BRIEF:
Repeat the following entries verbatim, apart from the pictures.

*** Opening of RECORDED DATA ***

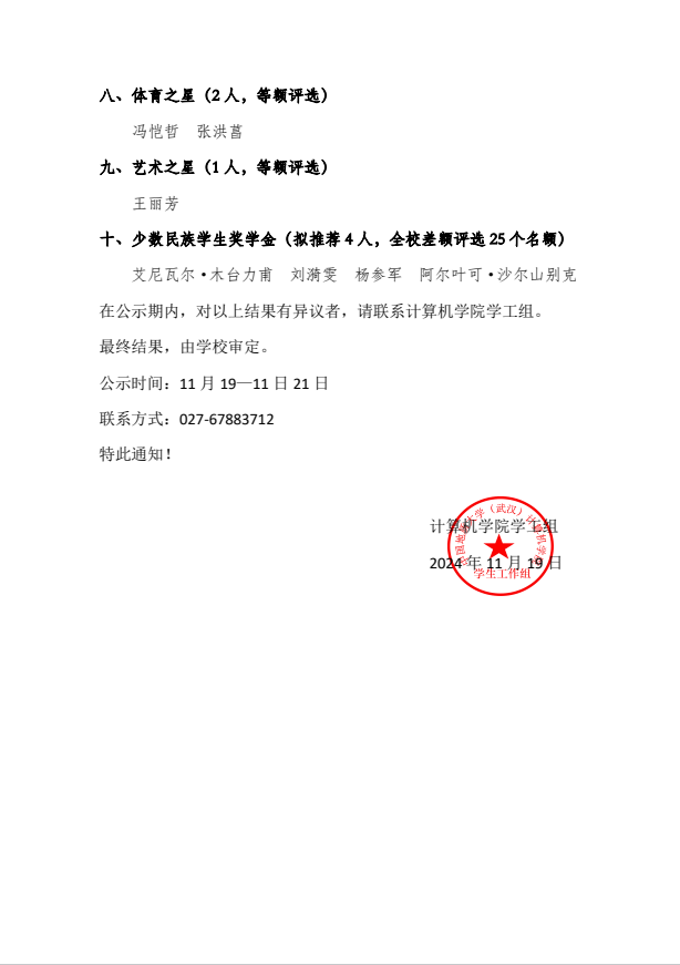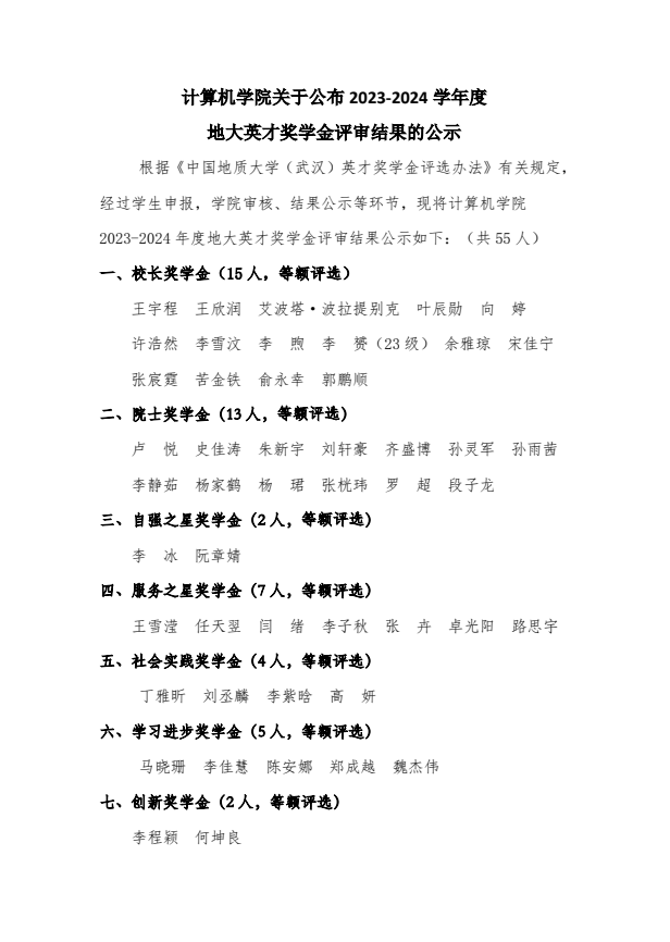 2026世界杯官网关于公布2023-2024学年度地大英才奖学金评审结果的公示
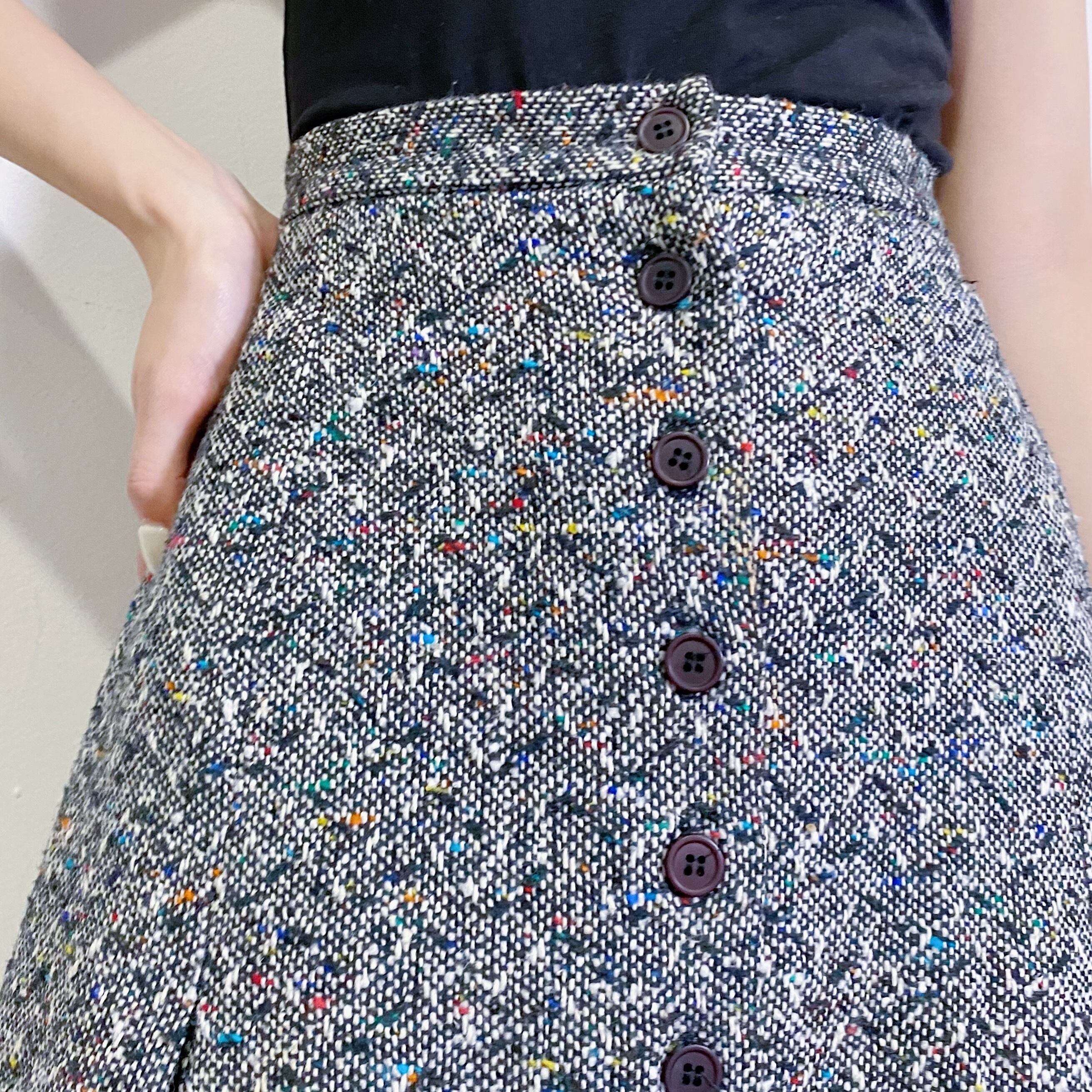 カラフルなミックスカラーが可愛い、ウール素材のミニスカートです。
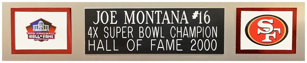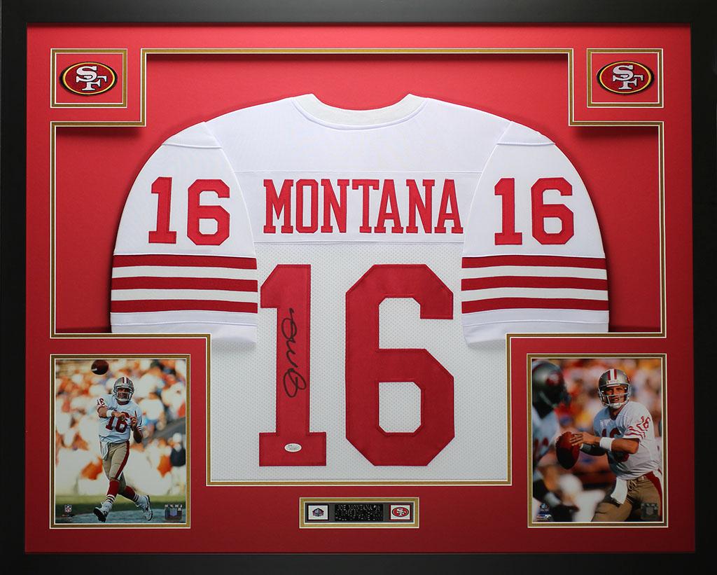 Custom frame measures 35" x 43" in size and features a jersey hand-signed by Joe Montana (HOF).
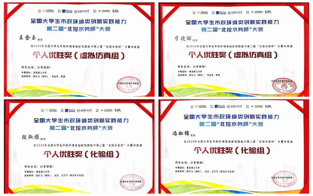 近日,全国大学生市政环境类创新实践能力第二届“北控水务杯”大赛落下帷幕,我校环境与市政工程学院学生在此次竞赛中取得优异成绩,荣获个人优胜奖4项。
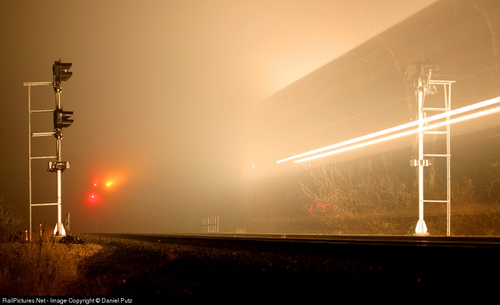 NS 12R wades through the pea-soup fog at Airport Rd. in Shippensburg. Canon EOS Digital Rebel 70-200mm F/4L lens. 13" @ F/4. I'm not sure when or if these signals will be cut in.
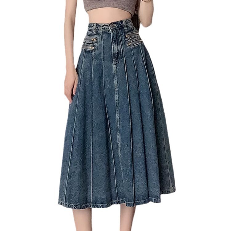 - 人気推薦膝丈スカート デニムスカート シンプル カジュアル かわいい 無地 S ブルー
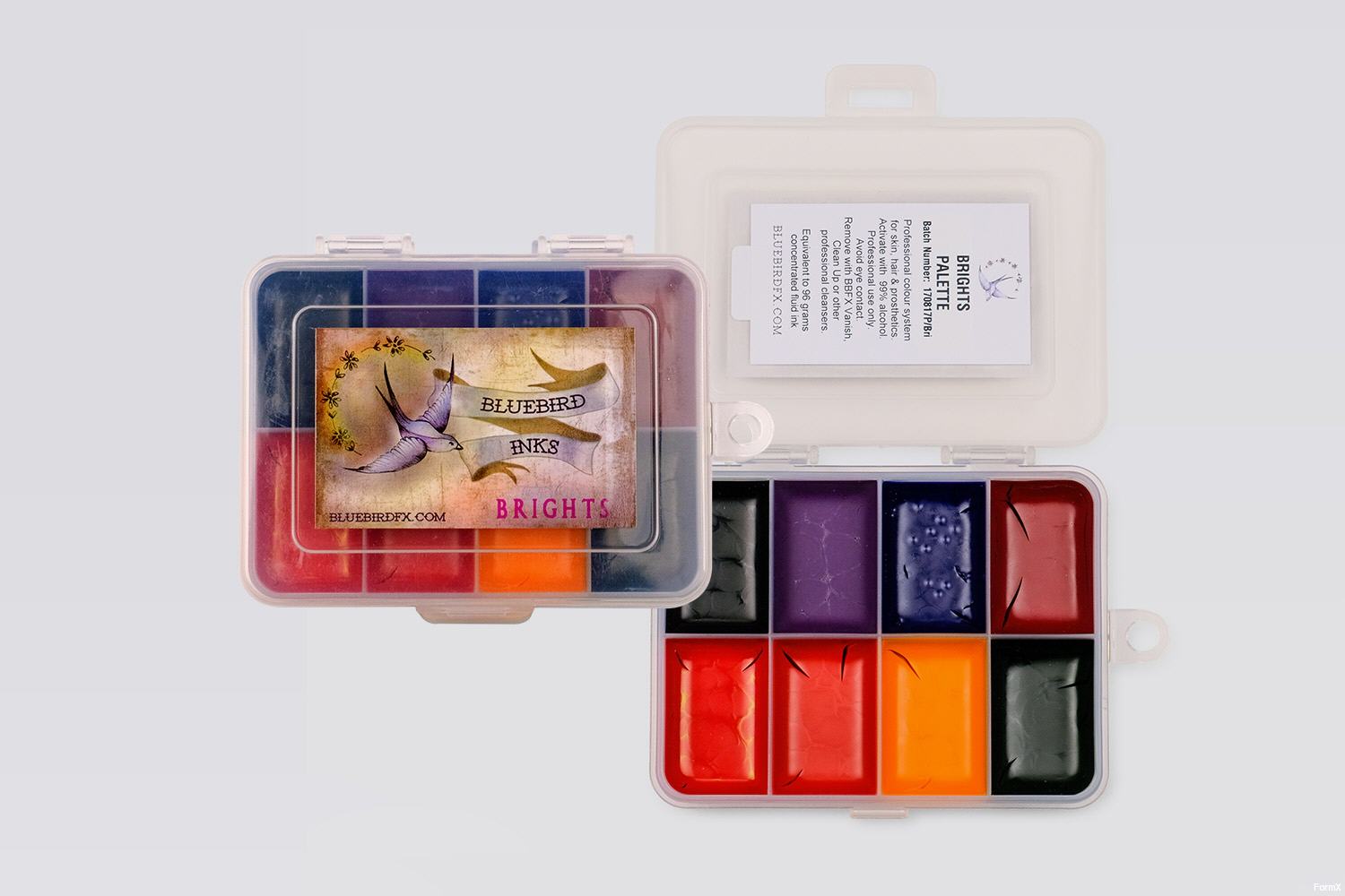 Ursprünglich für die Körperbemalung gedacht, ist diese Palette inzwischen zum Standard für jeden Künstler geworden, der gerne die Kontrolle über das Mischen seiner eigenen Farben hat. Die Farben: (Fuchsia, Spinat, Kobalt, Sonnenblume, Iris, Ringelblume, Schwarz, Scharlach) Die Bluebird Ink Paletten sind cremig und haben eine üppige, satte Farbe. Sie haben eine erstaunliche Deckkraft und Konsistenz. Die Bluebird Ink Paletten eignen sich perfekt zum Abdecken von Tattoos und zum Erzeugen von Effekten wie Narben und Blutergüssen.

*** Close of RECORDED DATA ***

EXERCISE RESPONSE:
 2026世界杯官网关于公布2023-2024学年度地大英才奖学金评审结果的公示
 カラフルなミックスカラーが可愛い、ウール素材のミニスカートです。
 Custom frame measures 35" x 43" in size and features a jersey hand-signed by Joe Montana (HOF).
 近日,全国大学生市政环境类创新实践能力第二届“北控水务杯”大赛落下帷幕,我校环境与市政工程学院学生在此次竞赛中取得优异成绩,荣获个人优胜奖4项。
 NS 12R wades through the pea-soup fog at Airport Rd. in Shippensburg. Canon EOS Digital Rebel 70-200mm F/4L lens. 13" @ F/4. I'm not sure when or if these signals will be cut in.
 - 人気推薦膝丈スカート デニムスカート シンプル カジュアル かわいい 無地 S ブルー
 Ursprünglich für die Körperbemalung gedacht, ist diese Palette inzwischen zum Standard für jeden Künstler geworden, der gerne die Kontrolle über das Mischen seiner eigenen Farben hat. Die Farben: (Fuchsia, Spinat, Kobalt, Sonnenblume, Iris, Ringelblume, Schwarz, Scharlach) Die Bluebird Ink Paletten sind cremig und haben eine üppige, satte Farbe. Sie haben eine erstaunliche Deckkraft und Konsistenz. Die Bluebird Ink Paletten eignen sich perfekt zum Abdecken von Tattoos und zum Erzeugen von Effekten wie Narben und Blutergüssen.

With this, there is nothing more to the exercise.